As we head into what looks to be a cold, hard winter exacerbated by the coronovirus pandemic, British writer Katherine May offers some warming advice: Embrace your winter!
By winter, she means not just the cold season, but “a fallow period in life when you’re cut off from the world, feeling rejected, sidelined, blocked from progress, or cast into the role of an outsider.”
In Wintering, May writes beautifully of her own recent bout with a personal winter, a period when she felt low and overwhelmed, out of sorts and “out of sync with everyday life.” She hit a storm of woes around the time of her 40th birthday. First, her husband’s infected appendix burst while awaiting surgery. When her own stomach pains escalated, she initially attributed it to a sympathetic reaction, or a case of nerves after giving notice as a university lecturer in order to write full time. But after months of waiting for tests with the National Health Service, she was diagnosed with Crohn’s disease. Then her 6-year-old refused to go to school, and, well-acquainted with the misery he was experiencing, she chose not to force him.

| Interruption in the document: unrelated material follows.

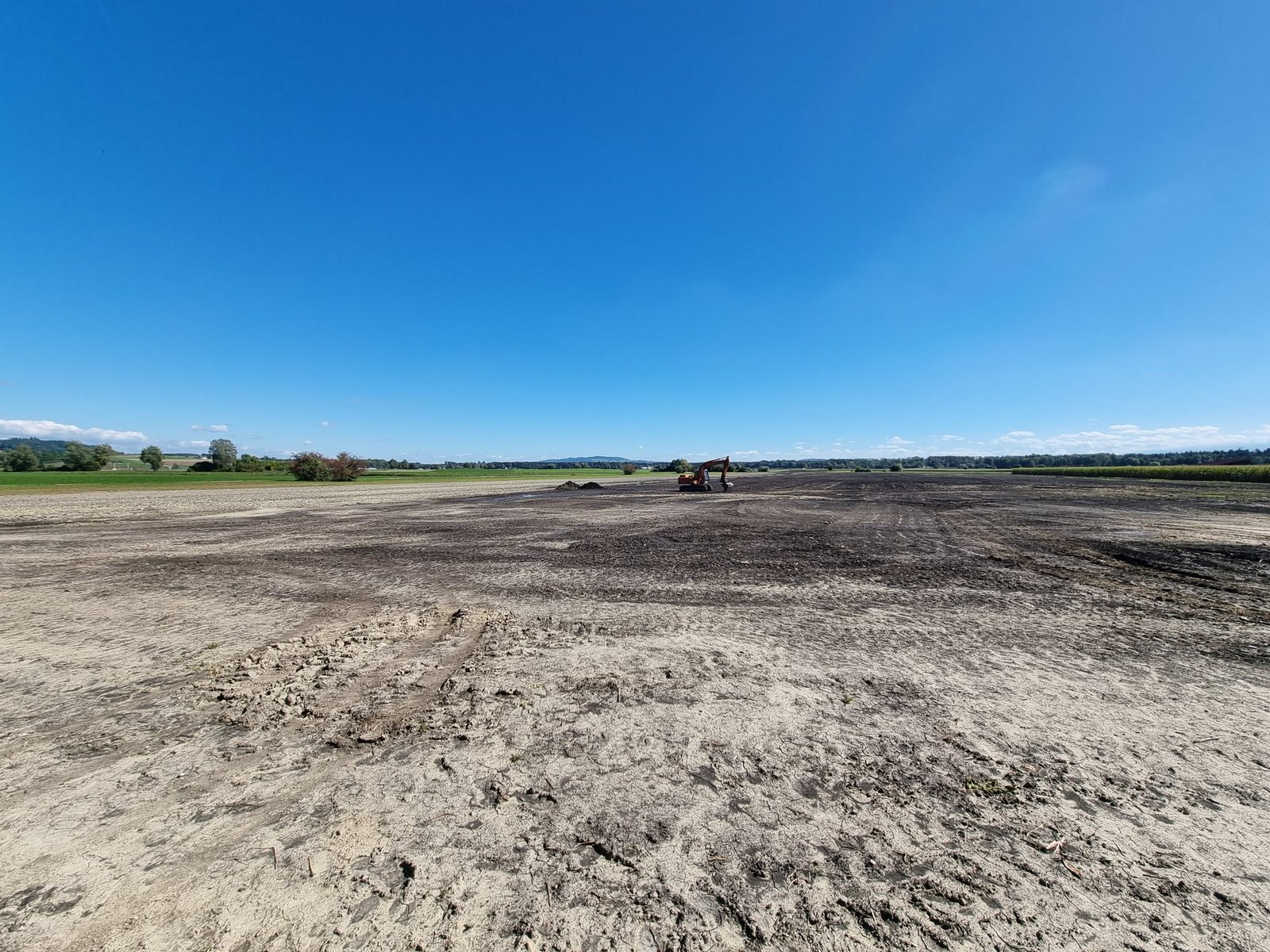 Auf dem Feld liegen bereits Haufen mit verschiedenem Aushub. Richtig gemischt sorgt dieser dafür, dass Michael Jenni auf dem Acker künftig wieder anbauen kann. 40 bis 50 Jahre Ertragssicherheit soll die Aufwertung bieten. Subventionen erhält Jenni keine. Geld gibt es für die Annahme des Aushubs. Dennoch schätzt Jenni die Kosten auf 2000 bis 3000 Franken pro Hektar. Hinzu kommt der Ertragsausfall. «Es ist ein grosser Eingriff», sagt Matthias Stettler. Bis der Boden wieder mit Würmern und anderen Lebewesen belebt ist, dauert es.[IMG 2]

It wasn’t May’s first winter. “As one of the many girls of my age whose autism went undiagnosed, I spent a childhood permanently out in the cold,” she writes. She suffered a major depression at 17, but, finally diagnosed with Asperger’s syndrome, “I saw the chance to make myself new again.”
Because she’d been through it before, May knew what to do. She now says it’s her duty to share some strategies. Wintering, she says, is a way to get through tough times by chilling, hibernating, healing, re-grouping. “Doing these deeply unfashionable things—slowing down, letting your spare time expand, getting enough sleep, resting—is a radical act now, but it is essential,” she writes.